The same week the elections board dropped the Sykes issue, an opening for a Republican member came up. Morrison was appointed. His first item of business: Challenge the vote. The board voted again, this time splitting 2-2.

"I just want to follow the law," said the ever-earnest Morrison.

Sykes' fate now rests with Secretary of State Uncle Tom Blackwell, who just made Arshinkoff his campaign chairman. We're pretty sure you can fill in the rest of this tale, dear reader.

Ohio's Mother Teresa
U.S. Senator Mike DeWine's latest campaign ad features a sweet, maternal-looking pediatric nurse named Mary Beth Thoburn, who says "Senator DeWine is a true champion for children."
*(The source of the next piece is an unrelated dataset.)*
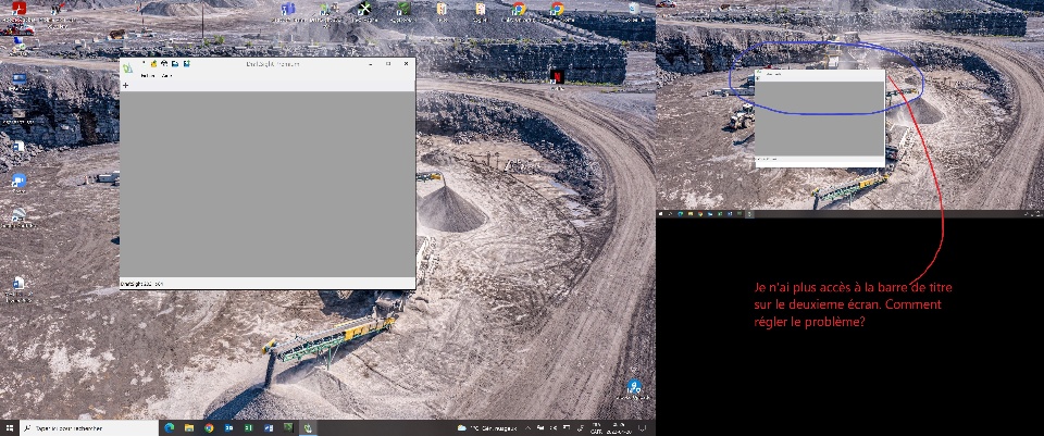 When I am using 2 screens, my Draftsight window on the second screen loses the Title bar. This does not happen with any other software I am using. After I moved my DS window to the second screen, I can not move it anymore as I do not have access to clic on the title bar to CLIC/Move it. I have to right clic on the title bar and choose move to be able to move it. How can I resolve my problem? See attached printscreen to see what happens.

Alas, Nurse Thoburn must not have seen DeWine's latest vote. Earlier this month, he voted for what's essentially a bailout for health-insurance companies, allowing them to blow off basic coverage for -- you guessed it -- kids.

The bill was trumpeted as a way to help small businesses provide coverage by allowing them to create special plans. But it seems more designed to help health insurers increase profits by killing off coverage for such frivolous luxuries as maternity care, cancer screenings, mammograms, and supplies for diabetics.
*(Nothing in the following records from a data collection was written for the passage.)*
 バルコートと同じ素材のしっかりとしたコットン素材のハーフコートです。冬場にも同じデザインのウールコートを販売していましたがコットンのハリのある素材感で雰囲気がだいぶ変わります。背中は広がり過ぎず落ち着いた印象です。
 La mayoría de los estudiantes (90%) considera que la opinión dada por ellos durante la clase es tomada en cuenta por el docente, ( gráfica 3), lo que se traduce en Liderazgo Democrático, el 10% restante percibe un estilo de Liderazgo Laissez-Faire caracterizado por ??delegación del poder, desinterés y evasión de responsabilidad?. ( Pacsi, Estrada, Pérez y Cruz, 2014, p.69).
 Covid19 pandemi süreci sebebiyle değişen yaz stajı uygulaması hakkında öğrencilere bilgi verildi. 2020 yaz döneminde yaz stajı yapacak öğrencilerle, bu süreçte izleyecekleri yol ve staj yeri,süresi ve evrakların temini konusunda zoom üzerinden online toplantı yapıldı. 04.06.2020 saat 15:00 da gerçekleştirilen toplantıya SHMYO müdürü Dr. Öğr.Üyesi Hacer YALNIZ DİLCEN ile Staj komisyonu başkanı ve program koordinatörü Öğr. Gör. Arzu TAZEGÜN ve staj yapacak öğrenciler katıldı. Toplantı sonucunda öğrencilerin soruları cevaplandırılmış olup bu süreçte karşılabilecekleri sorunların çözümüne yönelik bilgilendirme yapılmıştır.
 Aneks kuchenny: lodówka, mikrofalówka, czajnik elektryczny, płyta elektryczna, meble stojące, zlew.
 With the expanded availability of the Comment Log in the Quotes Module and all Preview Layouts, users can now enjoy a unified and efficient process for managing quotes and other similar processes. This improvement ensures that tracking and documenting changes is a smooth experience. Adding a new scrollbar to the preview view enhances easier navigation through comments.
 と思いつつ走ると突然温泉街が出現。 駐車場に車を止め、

In Ohio, insurers could also ignore state laws requiring them to cover immunizations and well-child visits. However, kids will still receive a complimentary roll of duct tape for major lacerations.

DeWine's vote makes it doubtful that groups like the American Cancer Society and the American Academy of Pediatrics share Nurse Thoburn's opinion of him.
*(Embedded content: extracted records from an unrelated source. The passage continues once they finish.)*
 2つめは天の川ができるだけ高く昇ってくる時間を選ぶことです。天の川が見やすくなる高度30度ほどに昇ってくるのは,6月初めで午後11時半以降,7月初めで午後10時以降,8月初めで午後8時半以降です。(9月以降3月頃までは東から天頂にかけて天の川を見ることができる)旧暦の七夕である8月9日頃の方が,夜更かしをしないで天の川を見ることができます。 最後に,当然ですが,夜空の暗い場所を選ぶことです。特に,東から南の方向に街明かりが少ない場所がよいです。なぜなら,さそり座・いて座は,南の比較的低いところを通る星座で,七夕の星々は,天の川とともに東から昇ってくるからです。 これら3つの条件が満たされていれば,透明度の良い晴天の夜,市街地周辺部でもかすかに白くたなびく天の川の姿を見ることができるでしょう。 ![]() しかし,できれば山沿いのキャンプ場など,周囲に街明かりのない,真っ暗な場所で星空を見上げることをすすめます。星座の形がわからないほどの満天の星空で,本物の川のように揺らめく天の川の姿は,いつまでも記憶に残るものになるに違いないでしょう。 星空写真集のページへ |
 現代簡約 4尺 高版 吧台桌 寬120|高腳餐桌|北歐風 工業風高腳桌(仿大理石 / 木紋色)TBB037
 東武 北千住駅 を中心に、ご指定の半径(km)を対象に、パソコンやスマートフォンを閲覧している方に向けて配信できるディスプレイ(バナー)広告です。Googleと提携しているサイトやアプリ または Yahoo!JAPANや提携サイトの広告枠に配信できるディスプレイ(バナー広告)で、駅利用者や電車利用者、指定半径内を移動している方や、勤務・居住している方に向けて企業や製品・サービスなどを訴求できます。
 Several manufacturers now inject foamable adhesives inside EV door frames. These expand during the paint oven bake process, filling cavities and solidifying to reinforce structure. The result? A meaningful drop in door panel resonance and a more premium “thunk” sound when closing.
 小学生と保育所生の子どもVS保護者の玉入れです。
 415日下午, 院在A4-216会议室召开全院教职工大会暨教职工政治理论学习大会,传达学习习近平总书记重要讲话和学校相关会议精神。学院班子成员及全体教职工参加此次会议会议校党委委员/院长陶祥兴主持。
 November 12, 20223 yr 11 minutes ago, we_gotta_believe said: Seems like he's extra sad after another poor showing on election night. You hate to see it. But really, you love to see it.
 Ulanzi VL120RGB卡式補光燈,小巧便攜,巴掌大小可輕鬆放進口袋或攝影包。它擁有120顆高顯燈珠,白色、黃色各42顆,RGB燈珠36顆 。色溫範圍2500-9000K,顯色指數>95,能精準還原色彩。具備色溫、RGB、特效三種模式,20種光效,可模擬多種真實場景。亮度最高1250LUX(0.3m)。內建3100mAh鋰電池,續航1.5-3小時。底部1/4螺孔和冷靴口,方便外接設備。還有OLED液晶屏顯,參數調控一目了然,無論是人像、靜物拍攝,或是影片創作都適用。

"Without these requirements, children won't get the basic health-care coverage they need, plain and simple," says Academy president Dr. Eileen Ouellette. "This Senate bill is not good for child health and it is not good for business."

But it's good for Mike DeWine, who will now get major jack from the insurance industry as a reward for his fealty.

We're pretty sure Little Suzie will understand. She'll be happy to go into a diabetic coma if it means more money for Mike.

The smog of whores
State legislators are rushing to pass new laws to increase pollution in Ohio. Best of all, it will only cost you another $100 million!

On Tuesday, the state Senate was poised to pass Senate Bill 265, which is supposed to "streamline" Ohio's pollution laws. But the bill was crafted behind closed doors by Republicans and their industry patrons. Do you know what that means, boys and girls?

It means that Ohio will now use the most lenient regulations when state and federal law conflict. That leaves so much to interpretation that a former federal EPA official believes the law could cost the state $100 million to implement. Senator Dale Miller (D-Cleveland) calls it the "Lawyers' Full Employment Act."

The bill also creates new rules for so-called "small sources" of pollution, which raises the limit from 1 ton to 10 tons of contaminants each year. "They could pretty much pollute to their heart's content, as long as they don't pollute more than 10 tons each year," Miller says.

But we can all be thankful that at least our air will be really, really dirty. $100 million is a small price to pay for that.

Where's the beer?
Last week, the Kent State Anti-War Coalition hosted a rally called Beer Not Bombs. Advertisements promised that everyone who attended would get free beer. Alas, when attendees arrived, not a single brewski was to be found.

When the group applied for a school permit, it mistakenly wrote that no alcohol would be present. Thus, Beer Not Bombs became We Still Got a Whole Lotta Bombs but No Goddamned Beer.